Over the next two months, Film Forum is showing the complete films of both Alfred Hitchcock and Francois Truffaut. In honor of this pairing, we will preview the Hitchcock films using insights from the directors’ own conversations in Hitchcock/Truffaut, Truffaut’s landmark book of interviews.
“Rope”, one of the fantastic outliers in Hitchcock’s work, is playing Wednesday at Film Forum. This film was a first for Hitchcock in many respects – his first color film, his first film as an independent producer, but beyond those natural evolutions in his career as a filmmaker, the film is a radical departure from his usual technique.
Adapted from a play, the story is a retelling of the actual Leopold and Loeb case from the 1920s. Two brilliant, rich, young men (John Dall and Farley Granger), eager to apply their Nietzchean Ubermensch theories to real life, strangle a classmate to death. It’s the opposite of a crime of passion; the two men refer to it as an intellectual exercise that they are entitled to because of their superiority. In order to prove that their murder was the perfect crime, the two men put the victim in a large chest, which they then proceed to serve dinner from at a party attended by the victim’s fiancée and family.
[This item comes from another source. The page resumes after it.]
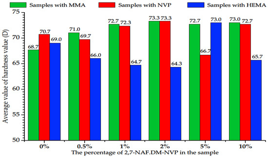The values of hardness were expressed in the D scale and are presented in Figure 4. The hardness of the samples was in the range from 64.3 to 73.3 units.

Most of the guests are confused by the victim’s absence, but nobody detects anything amiss until Jimmy Stewart arrives. Playing brilliantly against type, Stewart was a mentor to the two young men in school and is the source of some of the killers’ dubious theories of superiority. Stewart horrifies some of the guests with his outré theories, but is even more horrified himself when he begins to suspect that his hosts have actually carried these theories out.
“Rope” was, and still is, shockingly experimental for a big director working with major stars. The film takes place in real time, from 7:30 to 9:15 in a single evening. What’s more, Hitchcock shot the film in as few takes as possible, many up to ten minutes long (the longest length of a film reel in the camera at that time). He even disguises the few cuts that were necessary by having a character cross the foreground as he changes cameras.
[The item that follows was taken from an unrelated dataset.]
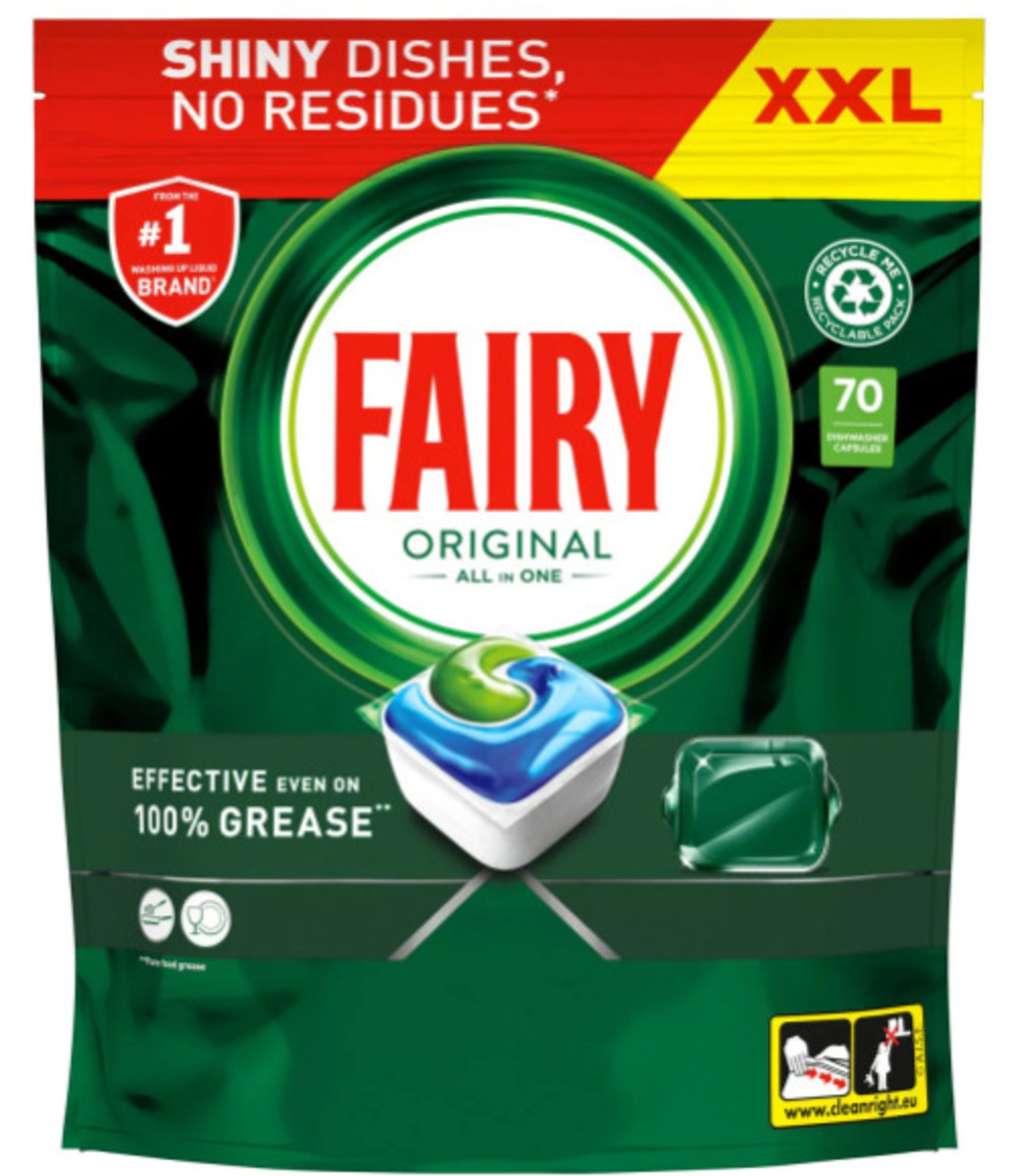 Fairy Original 70 Cápsulas All In One es la solución perfecta para mantener tu vajilla impecable y libre de grasa. Estas cápsulas de detergente para lavavajillas están diseñadas para ofrecer un rendimiento excepcional, eliminando incluso las manchas más difíciles y dejando tus platos, vasos y utensilios relucientes. Con su fórmula avanzada, cada cápsula proporciona una limpieza profunda y un brillo duradero, haciendo que el lavado de los platos sea una tarea rápida y eficiente.

This would have been a bold departure for any Hollywood director at the time, but even more so for Hitchcock, whose films are usually a testament to the power of montage and use many more cuts than most films (“The Birds” has 1,630 shots). Hitchcock told Truffaut that he “undertook ‘Rope’ as a stunt… I really don’t know how I came to indulge it.” He admits that the film violates his own rules of telling a story through montage, but that he compensated by “cutting” using “the mobility of the camera and the movement of the players.” In his usual methodical style, Hitchcock mapped out the camera movements precisely before shooting, with tiny numbers marked all over the floor.
Truffaut notes that the film is a gesture towards the “dream of linking all of a film’s components into a single, continuous action,” but both directors agree that in general, the classical editing techniques dating back to Griffith are the best use of the film medium. Hitchcock summarizes the discussion by saying, “No doubt about it; films must be cut.”
Still, “Rope” remains a fascinating experiment and one of the tensest films ever made. There is nothing more squirm-inducing than watching a father listen to inane party conversation while his son lies dead several inches below the hors d’ouvres. “Rope” plays at Film Forum on Wednesday in a double feature with “I Confess,” starring Montgomery Clift.